We live in such a fast-changing world that is characterized by global and local shift--social, cultural, political, and economic transformations as well as the influence of the internet and media on the decentralization of information, knowledge, and expertise. Equally important, there is an international spotlight on democracy, social justice, and human rights; the importance of the people’s voice, singular or plural; and the need for collaboration. People around the world increasingly want input into what affects their lives; they have lost faith in rigid institutions and practices in which being treated as numbers and categories ignores their humanity or worse yet, violently violates it. They demand systems and services that are more flexible and respectful. These shifts, the unavoidable complexities inherent in them, and the effects they have on our individual and communal lives and on our world press therapists to reassess how we understand the world around us, our clients, and our roles as therapists. Collaborative therapy is a response that shares common ground with a growing international community of practitioners and clinical scholars including Tom Andersen, Vivien Burr, John Cromby, Kenneth Gergen, Mary Gergen, Lynn Hoffman, Lois Holzman, Imelda McCarthy, Susan McDaniel, Sheila McNamee, Robert Neimeyer, David Nightingale, Peggy Penn, Sallyann Roth, Jaakko Seikkula, John Shotter, Lois Shawver, and Michael White.
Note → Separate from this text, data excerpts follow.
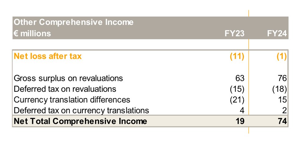 Changes in fair value for FY24 mainly relate to a net uplift in the assessed valuation of the Group’s investment property, namely: Tripoli Commercial Centre (+€3m), Corinthia Prague (+€2.6m), St Petersburg Commercial Centre (+€1m) and also to an impairment reversal on the Corinthia Hotel Tripoli (+€6.5m).
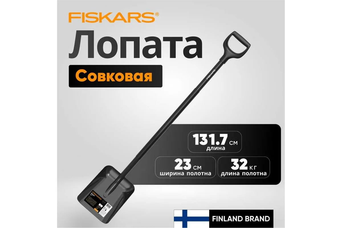 Лопата совковая FISKARS Ergonomic Pro (1066711) предназначена для сложных специализированных задач и подъема тяжестей.
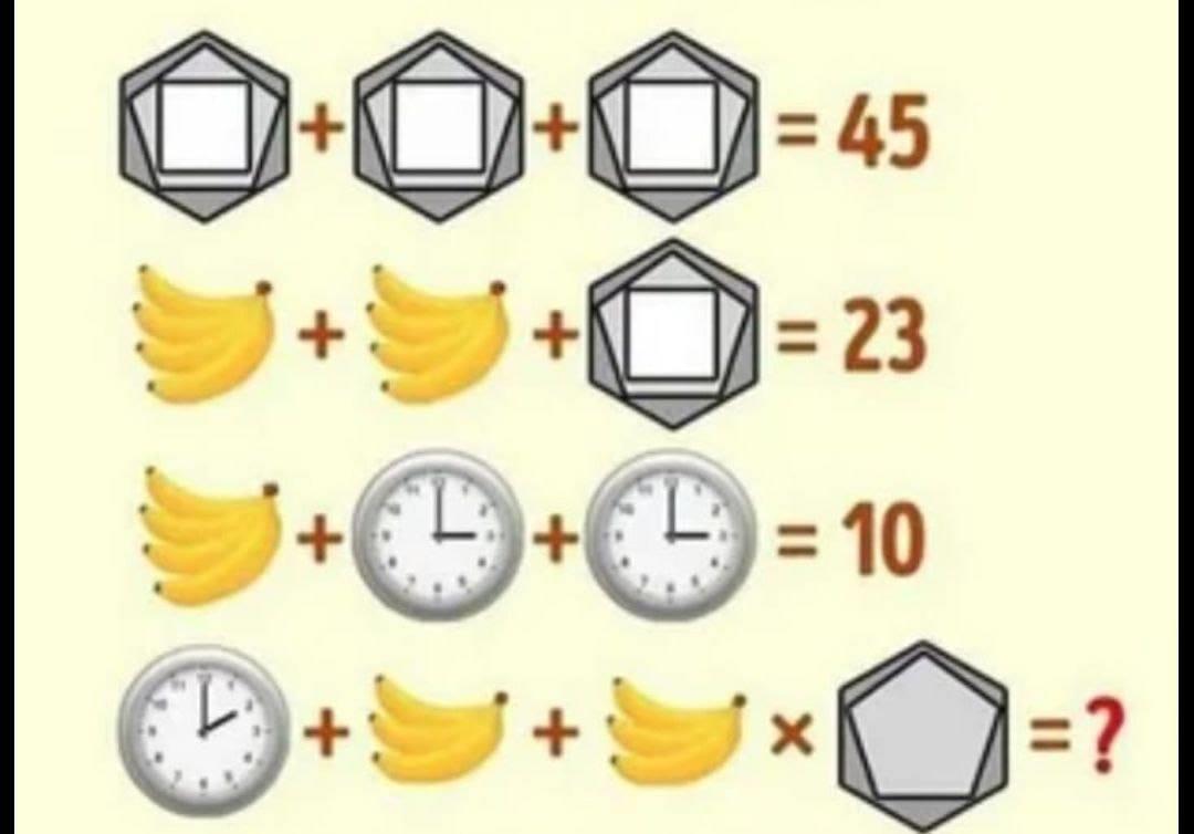 2. Рассмотрим второе уравнение. Третий член - знакомая нам фигура с 15 углами. Вычитаем 15 из 23 и получаем 8. Приходим к умозаключению что одно изображение грозди бананов равно четырем. И снова замечаем что именно столько бананов нарисовано в грозди. То есть - считаем бананы.
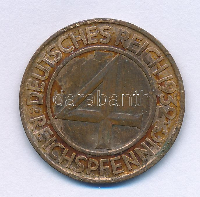 German Empire / Weimar Republic 1932. 4 Reichspfennig bronze, mintmark can't be seen C:VG

Though Collaborative Therapy and other approaches sometimes referred to as dialogical therapy, conversational therapy, open dialogue, and reflecting process therapy are often seen as new approaches to therapy, the assumptions about knowledge and language that they draw from have been present within philosophical discourses since the eighteenth century beginning with the historian Giambattista Vico’s notion that the observer is part of the description. Other seminal authors in this philosophical movement include Mikhail Bakhtin, Jacques Derrida, Hans George Gadamer Jean Francois Lyotard, Richard Rorty, Lev Vygotsky, and Ludwig Wittgenstein, to mention a few. In psychology, similar assumptions were introduced with George Kelley’s personal construct theory and other constructivists who disclaim a tangible, external reality. This direction in family therapy was strongly influenced by Gregory Bateson and his Palo Alto, California colleagues, along with others such as Humberto Maturana, Heinz von Foerster, and Ernst von Glasersfeld: all challenge us to leave our current “thinking boxes” and to change the way that we “see” things and consequently our “way of being.”

Collaborative Therapy as presented in this article has evolved over time with its roots tracing back to the 1950’s Multiple Impact Therapy project in Galveston, Texas (MacGregor, Ritchie, Serrano, McDanald & Goolishian, 1964). Its evolution over the years has been continually influenced by the reflexive nature of theory and practice (Anderson, Goolishian, Pulliam & Winderman, 1986; Anderson & Goolishian, 1988, 1992; Anderson, 1997, 2006). Because a large percentage of the Galveston team’s clinical and consultation practice then--and that of the Houston Galveston Institute afterwards--included a large percentage of people who are commonly called “treatment failures,” we have continued to seek out how our therapy could have more relevant and effectiveness for these people. This ambition and curiosity have led to lessons learned from over 25 years of inquiry into client’s experiences, and descriptions of the nature of successful and unsuccessful therapy and the advice that clients—the true experts--have had for therapists (Anderson, 1996, 1997; Anderson & Goolishian, 1992). As well, we have been led to a therapy that is more spontaneous, flexible, and fitting to the uniqueness of each client that we meet and to their novel circumstances.